Well, di tanggal sembilan belas bulan dua belas tahun dua ribu sembilan belas (Ya Allah baru nyadar ini tanggal cantik, kenapa ga nikah hariini aja biar cantik. Wkwk), aku mendeklarasikan eh melaunching akun baru ini. Akun baru yang akan senyap kuisi dan tak ku publish dengan akun pribadi (Semoga ga tergoda ya Allah), setidaknya sampai kontennya banyakan dulu. Biar ga mandeg nulisnya. Sengaja ga follow siapapun dan ga difollow siapapun biar bisa fokus nulisnya. Bukan scrollingnya. Haha. Ya mungkin yang tahu dan yang bakal nge follow sebelum launching beneran ya orang-orang yang baca tulisan ini (emang ada? Ya kali, barangkali ada) dan juga orang-orang yang teliti bin niat baca bio di IG. Hehe.

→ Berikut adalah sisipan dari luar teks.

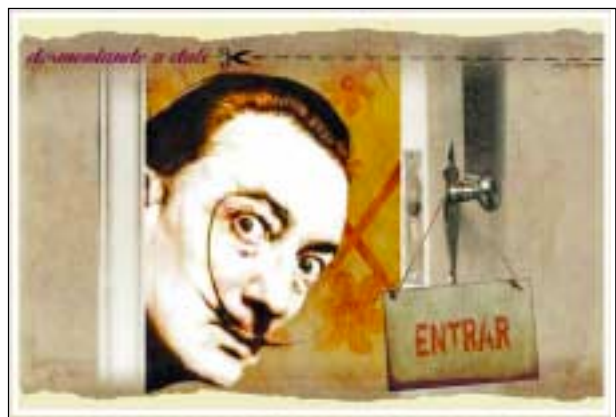
Un conocido ejemplo de documento multimedia: "Desmontando a Dalí" de La Vanguardia.

Register for free at https://www.scipedia.com to download the version without the watermark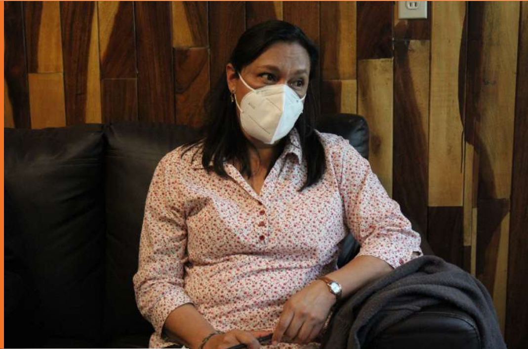
MÓNICA MONROY GONZÁLEZ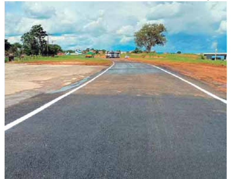
Trânsito na via de acesso à SP 304 voltou ao normal nesta quarta-feira

Os cursos, totalmente gratuitos, são realizados em Ambiente Virtual de Aprendizagem (AVA), plataforma on-line na qual os estudantes desenvolvem atividades acadêmicas, que incluem assistir a videoaulas, acessar material didático, bibliotecas digitais e tirar dúvidas do conteúdo com facilitadores. Já os polos, são espaços físicos onde os alunos contam com infraestrutura (computadores, impressoras e acesso à internet) e realizam atividades, como provas e discussões em grupo. No local, também podem ser solicitados serviços de secretaria acadêmica e esclarecimento de dúvidas. Todas as videoaulas também podem ser acessadas pelo canal do YouTube: https://www.youtube.com/user/univesptv . Saiba mais sobre os cursos em univesp.br/cursos .

Okesiap, sekian prolog mengenai merapikan rasa. Semoga kita mampu merapikan segala rasa yang ada hingga tak terperdaya oleh tipu daya dunia ya. Semoga, lahirnya karya-karya baru ini juga makin mendekatkan kita pada sang pemilik cinta. Soalnya, sayang banget kan kalo udah capek-capek gini ternyata kita gadapet apa-apa. Pedihnya lagi, ga dapet ridhoNya. Semoga Allah suka, ya!

Pacitan, 19/12/19, selesai ditulis pukul 14.11 sebakda hujan deres banget menerpa halaman dan genteng rumah. Malu akutu sama Bapak yang always produktif bergerak kemana-mana sementara aku glundang-glundung gini. Doain kami bahagia dalam naungan ridhoNya :”)

Eits! Udah, malah nulis lagi. Abis ini mau ngirim lahap soal sama nyeterika. Haha. Bye semua. Assalamu’alaykum!